The invention belongs to the field of solid oxide fuel cells, and particularly relates to an A-site doped Bi modified layered double perovskite material and a preparation method thereof. One material has the structural formula Ln 1‑ xBixBaCo2O5+δ, and delta is a value that keeps the compound of the chemical formula electrically neutral. The material is prepared by adopting a glycine nitrate method, has a simple process and does not need expensive experimental instruments. The material obtained by the invention has the characteristics of excellent oxygen exchange capacity, excellent catalytic activity, reduced sintering temperature, excellent stability and the like, can obtain a solid oxide fuel cell material with high electrochemical performance and stable long-time operation, and is beneficial to reducing the cell cost.

Description

Bismuth ion doped layered double perovskite cathode material and preparation method thereof
Technical Field
The invention relates to the technical field of solid oxide fuel cells, in particular to a double perovskite structure medium temperature solid oxide fuel cell cathode material and a preparation method thereof.
Background
The solid oxide fuel cell is used as a new energy source with high efficiency and no pollution, and the electrode reacts with electrolyte at high temperature to reduce the performance of the cell, so that the long-term operation stability of the cell is poor, and the like, so that the solid oxide fuel cell has a longer path for commercial application.
As a new energy material, perovskite type rare earth composite oxide is used as a mixed ion and electron conductor, so that the perovskite type rare earth composite oxide still has good oxygen exchange capability at reduced temperature, and also has lower polarization resistance and better catalytic activity, so that the perovskite type rare earth composite oxide is widely researched, but the commercialization of the perovskite type rare earth composite oxide is hindered because of the problem of unbalanced performance, such as poor stability when the performance is better; the layered double perovskite has a certain improvement over the common perovskite in that the layered double perovskite is not commercially available. Therefore, some methods for improving electrochemical performance and improving battery stability by doping become current research hot spots, different doping modes have different effects, bi doping is widely applied to other material application fields as a doping mode, a great deal of researches show that Bi doping has good effect on improving material performance, bi doping finds that the effect of reducing sintering temperature and the high conductivity of Bi2O3 can improve material performance, and the method is a doping method for improving the performance of a layered double perovskite material with potential.
The introduction of aliovalent alkaline earth or transition metals at the a-site, the crystals need to create additional oxygen defects and/or raise the oxidation state of the transition metal to balance the lost charge, which can improve the oxygen hole concentration and reactivity of the perovskite material.
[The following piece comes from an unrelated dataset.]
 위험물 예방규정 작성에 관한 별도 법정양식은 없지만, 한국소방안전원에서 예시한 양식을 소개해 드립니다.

The A-site Bi doping can improve the conductivity of the layered double perovskite material, because Bi is doped on the A-site to form Bi2O3 with high ion conductivity, the oxygen exchange performance is further improved, the polarization resistance at low temperature in the layered double perovskite material is further reduced, more oxygen vacancies are formed along with the increase of doping amount, the electrochemical performance of the layered double perovskite material is improved, the doped Bi can maintain good stability for a long time in a single cell test, good conditions are provided for commercial utilization, and besides, the Bi & lt3+ & gt melting point is lower, so that the A-site doped Bi can reduce the sintering temperature of a solid oxide fuel cell to be too high, energy is saved, and meanwhile, the cost is reduced.
Disclosure of Invention
In order to reduce the problems of the prior material, the invention designs the A-site doped Bi modified double perovskite material with good oxygen exchange performance, good stability, easily obtained raw materials and simple and efficient preparation process and the preparation method thereof.
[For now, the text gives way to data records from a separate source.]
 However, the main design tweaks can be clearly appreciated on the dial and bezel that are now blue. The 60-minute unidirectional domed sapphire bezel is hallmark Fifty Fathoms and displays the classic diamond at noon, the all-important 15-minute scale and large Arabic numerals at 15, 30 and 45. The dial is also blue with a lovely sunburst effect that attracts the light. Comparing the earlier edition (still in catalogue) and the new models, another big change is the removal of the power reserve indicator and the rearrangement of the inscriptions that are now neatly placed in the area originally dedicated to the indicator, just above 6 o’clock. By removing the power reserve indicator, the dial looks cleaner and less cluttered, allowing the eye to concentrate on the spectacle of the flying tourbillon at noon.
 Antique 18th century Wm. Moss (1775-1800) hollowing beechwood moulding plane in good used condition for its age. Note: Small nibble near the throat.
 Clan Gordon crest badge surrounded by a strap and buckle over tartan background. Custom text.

The technical scheme is that the A-site doped Bi modified double perovskite material is prepared, the structural formula of the material is Ln 1-xBixBaCo2O5+δ, and delta is a value for keeping a compound of a chemical formula electrically neutral; the preparation method of the A-site doped Bi modified double perovskite material comprises the following steps:
(1) Weighing excessive rare earth oxides such as Ln 2O3 (Ln= La, nd, sm, gd, Y and Pr) and the like, preheating for 2 hours at 800 ℃, dripping a proper amount of nitric acid, heating and stirring at 100-150 ℃ to completely dissolve the rare earth oxides to form Ln (NO 3)3 solution;
(2) The Bi (NO 3)3,Ba(NO3)2,Co(NO3)2∙6H2 O other medicines are weighed according to the stoichiometric ratio of x to 1:2 and then added into a proper amount of deionized water for sealing and preservation;
(3) All medicines are formulated, the glycine amount is calculated according to the ratio of G/N=0.54, and the glycine amount is added and put into other solutions to form mixed solution;
9(1-x)Ln(NO3)3+9xBi(NO3)3+9Ba(NO3)2+18Co(NO3)2∙6H2O+44C2H5NO2=9Ln1- xBixBaCo2O5+δ+62.5N2+88CO2+218H2O
(4) And placing the mixed solution on a magnetic stirrer, heating and stirring at 120-180 ℃ until the moisture evaporates to form black gel, and continuing heating and starting combustion to obtain precursor powder.
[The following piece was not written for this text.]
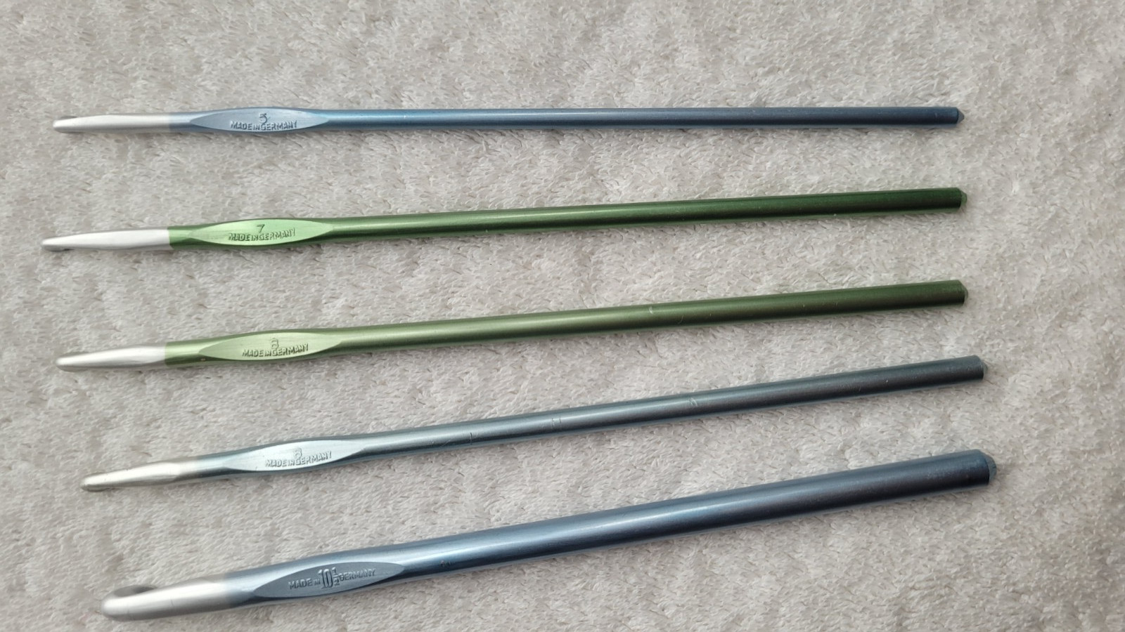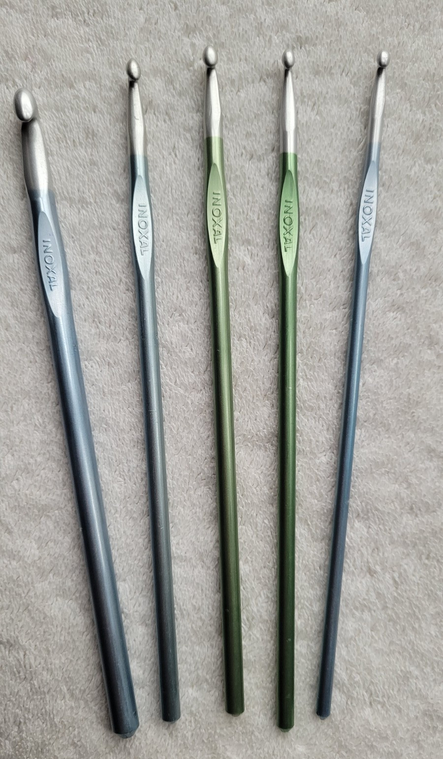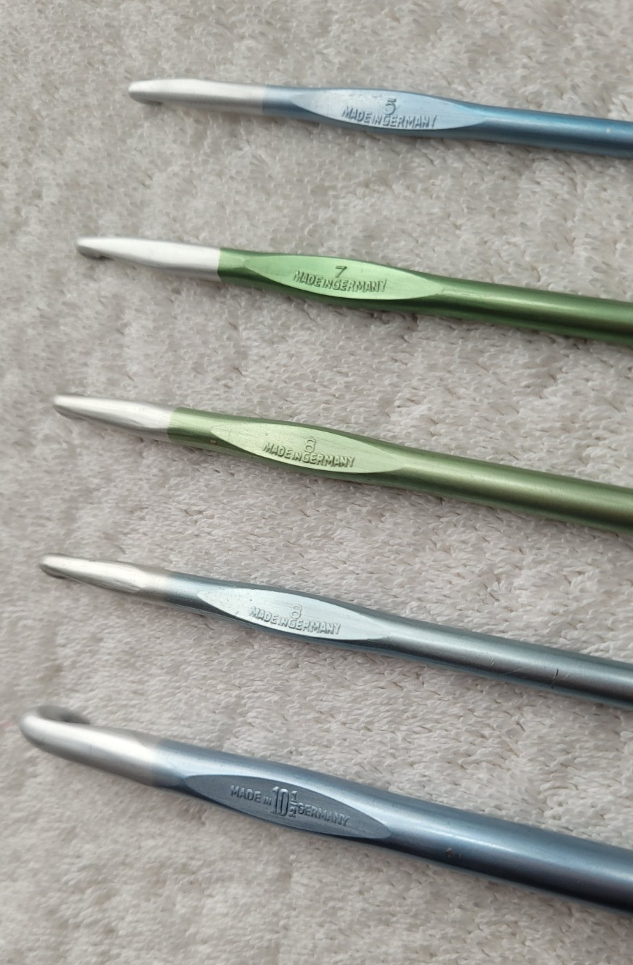Preowned Set of 5 Inoxal Made in Germany Crochet Hooks Sizes 10.5, 8, 8, 7, 5

The invention has the technical advantages that:
(1) Bi 2O3 with high ion conductivity is formed by doping Bi on the A site, so that the oxygen exchange performance is improved, the conductivity of the material is improved, and the polarization resistance of the material is reduced;
(2) Oxygen vacancies as a measure of ion transport capacity, increase with increasing Bi 3+ content, show good electrochemical performance;
(3) The doped Bi keeps good stability in a long time in practical test;
(4) The material prepared by the glycine nitrate method has simple process and lower natural burning temperature, can be prepared into uniform particle size distribution, has greatly improved performance compared with other methods, can reduce the sintering temperature by doping Bi 3+, reduces the cost, and can be used for commercial operation.
Drawings
Figure 1 is an XRD pattern of an example synthetic material.
Fig. 2 is an impedance diagram of example one and SDC, LSGM.
FIG. 3 is an SEM image of different sintering temperatures of an example material.
Detailed Description
The description is made with reference to the drawing of Nd 1-xBixBaCo2O5+δ.
The method and the preparation material of the invention are tested for performance to verify the effect, and the advantages are shown in a form or a picture.
Verification is performed in connection with the application in the actual field.
Embodiment one: nd 1-xBixBaCo2O5+δ (x=0.1, nbbc0.1) double perovskite powder preparation.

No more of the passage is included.